Run ./setup_training.sh <ontonotes/path/ontonotes-release-5.0> $data_dir for data preparation.
Training the model. GPU=0 python train.py <experiment>，Results are saved in the log_root directory. You can see the training details with TensorBoard.

Using Pre-trained Model

Download the pre-trained CorefQA model using the following command. If you want to train the CorefQA model, you can skip this step. ./download_pretrained.sh <model_name> (e.g,: spanbert_base, spanbert_large) Will download the fine-tuned version of CorefQA. You can use it with evaluate.py and predict.py。

Evaluation

Run GPU=0 python evaluate.py <experiment> to evaluate the model.
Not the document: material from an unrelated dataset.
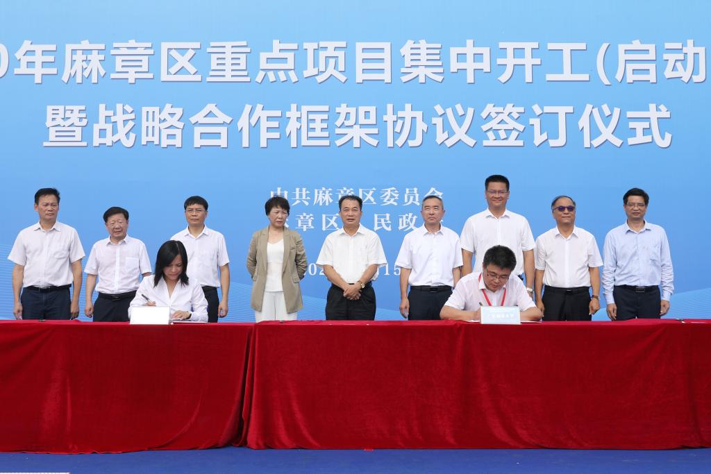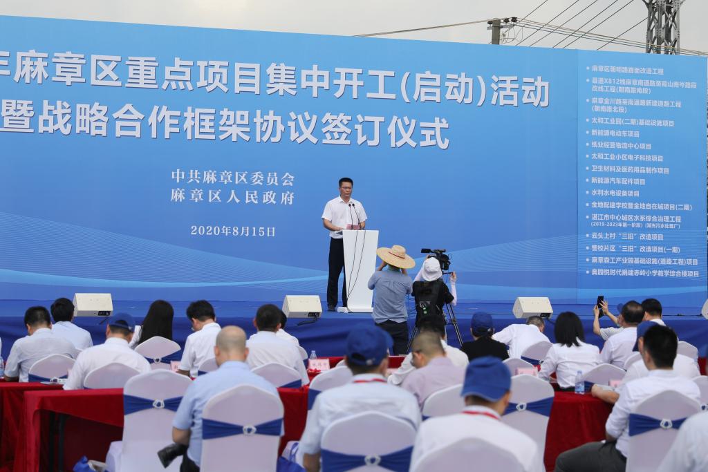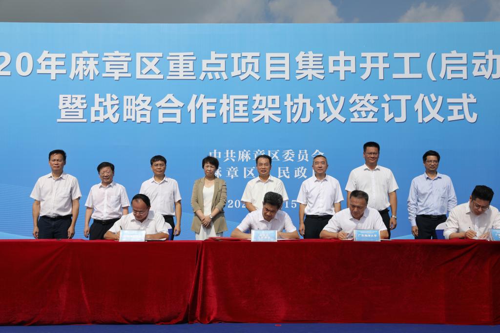 8月15日上午,2020年麻章区重点项目集中开工(启动)活动暨战略合作框架协议签订仪式在麻章开发区太和工业园举行,湛江市委常委、常务副市长曹兴,AC米兰党委书记曹俊明、岭南师范学院院长兰艳泽、麻章区区长陈思远等市、区和相关职能部门领导、驻湛高校和企业代表参加了仪式。AC米兰党委常委、副校长宁凌,校长办公室主任李育芳代表学校分别与麻章区政府、广东海谷科创投资股份有限公司签订了战略合作框架协议。

You can set eval_path and conll_eval_path in experiments.conf to choose the evaluation files：

Model	F1 (%)
CorefQA + SpanBERT-base	79.9
CorefQA + SpanBERT-large	83.1

Prediction

Save the text for prediction in a txt file. If the text contains speaker name information, wrap the speaker with <speaker></speaker> and put it in front of its utterence. For example:

<speaker> Host </speaker> A traveling reporter now on leave and joins us to tell her story. Thank you for coming in to share this with us.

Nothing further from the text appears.